Conversely, if you prefer games with forgiving difficulty that let you brute-force through challenges, the one-shot death system will frustrate you. If you need complex narratives with deep storytelling, the light environmental narrative might feel insufficient. If you want long campaign experiences that last 30+ hours, the planned scope will seem too small. Different games for different audiences, and Mr. Figs knows exactly who it is for.
FAQs About Mr. Figs
When will the full version of Mr. Figs be released?
There is no official release date yet. Developer Joe Reynolds mentioned the game might need another 1-2 years of development before the full launch. The demo is currently available on Steam and itch.io with regular updates.
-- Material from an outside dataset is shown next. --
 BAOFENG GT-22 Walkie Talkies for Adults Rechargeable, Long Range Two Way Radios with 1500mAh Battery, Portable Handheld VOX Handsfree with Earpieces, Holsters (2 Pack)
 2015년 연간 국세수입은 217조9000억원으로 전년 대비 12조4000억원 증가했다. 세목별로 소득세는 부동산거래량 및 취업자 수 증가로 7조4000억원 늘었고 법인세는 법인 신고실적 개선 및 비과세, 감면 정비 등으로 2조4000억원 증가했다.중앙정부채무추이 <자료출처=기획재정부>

How long is the Mr. Figs demo?
The demo contains 30 levels from the first of four planned areas in the full game. Depending on skill level and whether you hunt for secrets, the demo provides several hours of gameplay. The full game will have over 60 basic levels plus challenge rooms and bosses.
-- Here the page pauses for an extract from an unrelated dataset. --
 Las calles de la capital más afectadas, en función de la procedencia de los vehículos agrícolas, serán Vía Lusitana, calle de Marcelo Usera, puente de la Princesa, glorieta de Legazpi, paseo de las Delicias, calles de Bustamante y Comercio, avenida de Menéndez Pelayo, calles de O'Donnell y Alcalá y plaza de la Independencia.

What platforms will Mr. Figs be available on?
Mr. Figs is confirmed for Windows and Linux on PC. The demo is available on Steam and itch.io for both platforms. Console versions have not been announced.
Is Mr. Figs really made by just one person?
Yes, Joe Reynolds has been developing Mr. Figs solo for the past four years. He handles programming, design, art, and all other aspects of development. The game is published under the banner TheGoodGameFactory.
Does Mr. Figs have multiplayer?
No, Mr. Figs is designed as a single-player experience. While inspired by Bomberman, it focuses on the story-driven campaign style rather than the competitive multiplayer that series is known for.
How difficult is Mr. Figs?
Mr. Figs features one-shot death mechanics where anything kills you instantly, similar to Super Meat Boy. However, levels are short so death never means losing significant progress. The difficulty takes a sharp upward curve as you progress deeper into the game.
Can I provide feedback on the demo?
Yes, developer Joe Reynolds actively encourages feedback through multiple channels including the game’s itch.io page, a dedicated Discord server with a demo feedback channel, and a GitHub repository for bug reports. The demo is described as a living demo that evolves based on player input.
Are there secrets to find in Mr. Figs?
Yes, levels contain hidden areas accessible through missing bricks in walls. Walking into these gaps reveals secret sections usually containing useful items or additional challenges. The game rewards exploration and observation.
Conclusion
Mr. Figs represents the best of solo indie development: a focused vision executed with care, community engagement that shapes ongoing improvements, and honest communication about development realities. Joe Reynolds spent four years building the game he wished existed, drawing from classics that defined his childhood while adding modern difficulty design and puzzle elements that create something fresh. The free demo on Steam provides more than enough content to determine if the challenging one-shot death gameplay appeals to you, and the living demo philosophy means your feedback can genuinely influence the final product. For players who miss Bomberman campaign modes, appreciate Super Meat Boy difficulty, and want to support passionate solo developers, Mr. Figs deserves your attention. Just remember that the adorable squid protagonist carries enough explosives to kill himself instantly if you are not careful, which seems thematically appropriate for a character trying to destroy his own birthplace. Download the demo, prepare to die repeatedly, and discover whether you have the patience and skill to help Mr. Figs complete his explosive journey home.